Gereja kehilangan warna, antara ada dan tiada. Tidak hitam, tidak putih, abu-abu. Yang dipertahankan bukan teladanNya: melayani, berpihak pada yang tertindas, tapi: kedudukan, fasilitas dan penampilan.

Politikus dan bidak gereja memporandakan batas antara agama dan negara. Ketika Negara menganggarkan agama, kuasa dan control dipegangnya. Tak lelah Abdurahman Wahid menyela siksaan pada Ahmadiyah, politikus Kristen dan bidak gereja mematahkan upaya yang sudah begitu lama. Murka tampil, ketika negara menyentuh gereja dan warga, namun, senyum dan tawa terlepas ketika gereja dan bidaknya mendapat jatah fasilitas negara. Kilau dunia membuat semua buta, tuli dan bodoh (band. R. Niebuhr, The Moral Man and Immortal Society).

“jangan kamu membuat rumah Bapa-Ku menjadi tempat berjualan." (Yoh 2:16b)

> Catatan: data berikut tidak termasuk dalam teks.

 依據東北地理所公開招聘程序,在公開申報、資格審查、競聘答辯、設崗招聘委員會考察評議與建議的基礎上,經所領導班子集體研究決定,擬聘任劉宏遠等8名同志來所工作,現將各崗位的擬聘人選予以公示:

Berpuluh tahun yang lalu, PGI (Persekutuan Gereja-Gereja di Indonesia) sudah memandatkan agar gereja-gereja di Indonesia untuk mandiri dalam dana (lih. Lima Dokumen Keesaan Gereja). Kini, tergiur oleh peralihan kebijaksanaan pemerintah- melihat tetangga memanfaatkan semua yang ada dengan berbagai cara, “ sehingga: mengapa tidak cerdik seperti ular?” katanya, “tapi apakah tulus seperti merpati”? Atau malah seperti burung pemakan bangkai, saling mematuk berebut mayat?

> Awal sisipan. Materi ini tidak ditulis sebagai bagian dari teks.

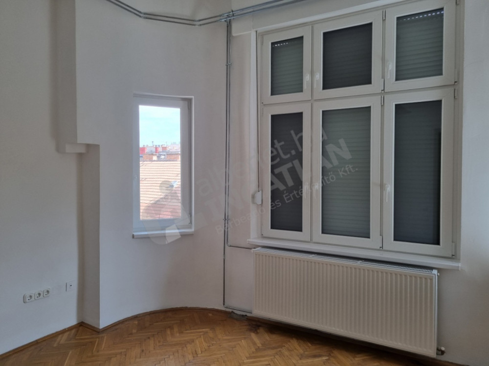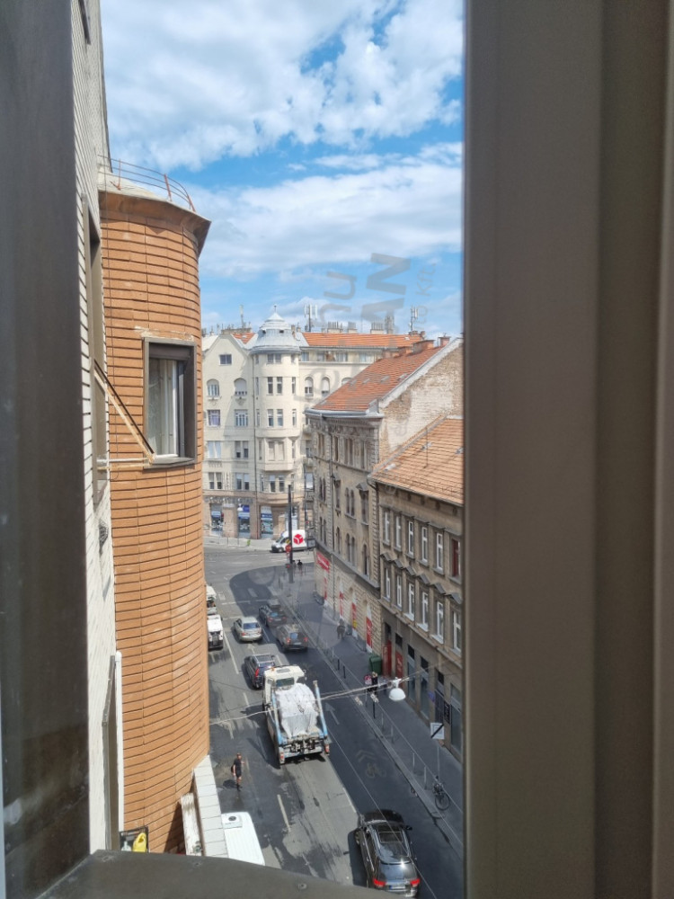 Negyedik emeleti, világos, utcára néző ablakok, liftes épületben.

Siapa dan apa sebenarnya yang diuntungkan ketika Natal dan acara-acara gereja disubsidi pemerintah, orang kaya atau berpangkat? None! Tak ada! Ketika religiositas dimanipulasi, setiap orang semakin kehilangan diri. Manusia dan gereja semakin kehilangan essence-nya. Mengenal Allah dan sesama manusia melalui cinta, menjadi utopia, polesan bibir sebagai propaganda.

Ibadah menjadi permainan topeng monyet.. Konser gegap gempita, kotbah merindingkan bulu roma, gedung penuh cahaya, gincu, minyak rambut dan baju pesta, “Najis!”

TUHAN berkata, "Aku benci dan muak melihat perayaan-perayaan agamamu! Sungguh, apabila kamu mempersembahkan kepada-Ku korban-korban bakaran dan korban-korban sajianmu, Aku tidak suka, dan korban keselamatanmu berupa ternak yang tambun, Aku tidak mau pandang. Kalau kamu membawa kurban bakaran dan kurban gandum, Aku tidak akan menerimanya. Aku tak mau menerima binatang-binatangmu yang gemuk-gemuk itu yang kamu persembahkan kepada-Ku sebagai kurban perdamaian. Jauhkanlah dari pada-Ku keramaian nyanyian-nyanyianmu, lagu gambusmu tidak mau Aku dengar. Hentikan nyanyian-nyanyianmu yang membisingkan itu; Aku tak mau mendengarkan permainan kecapimu. Tetapi biarlah keadilan bergulung-gulung seperti air dan kebenaran seperti sungai yang selalu mengalir." Lebih baik, berusahalah supaya keadilan mengalir seperti air, dan kejujuran seperti sungai yang tak pernah kering. (Amos 5: 21-24)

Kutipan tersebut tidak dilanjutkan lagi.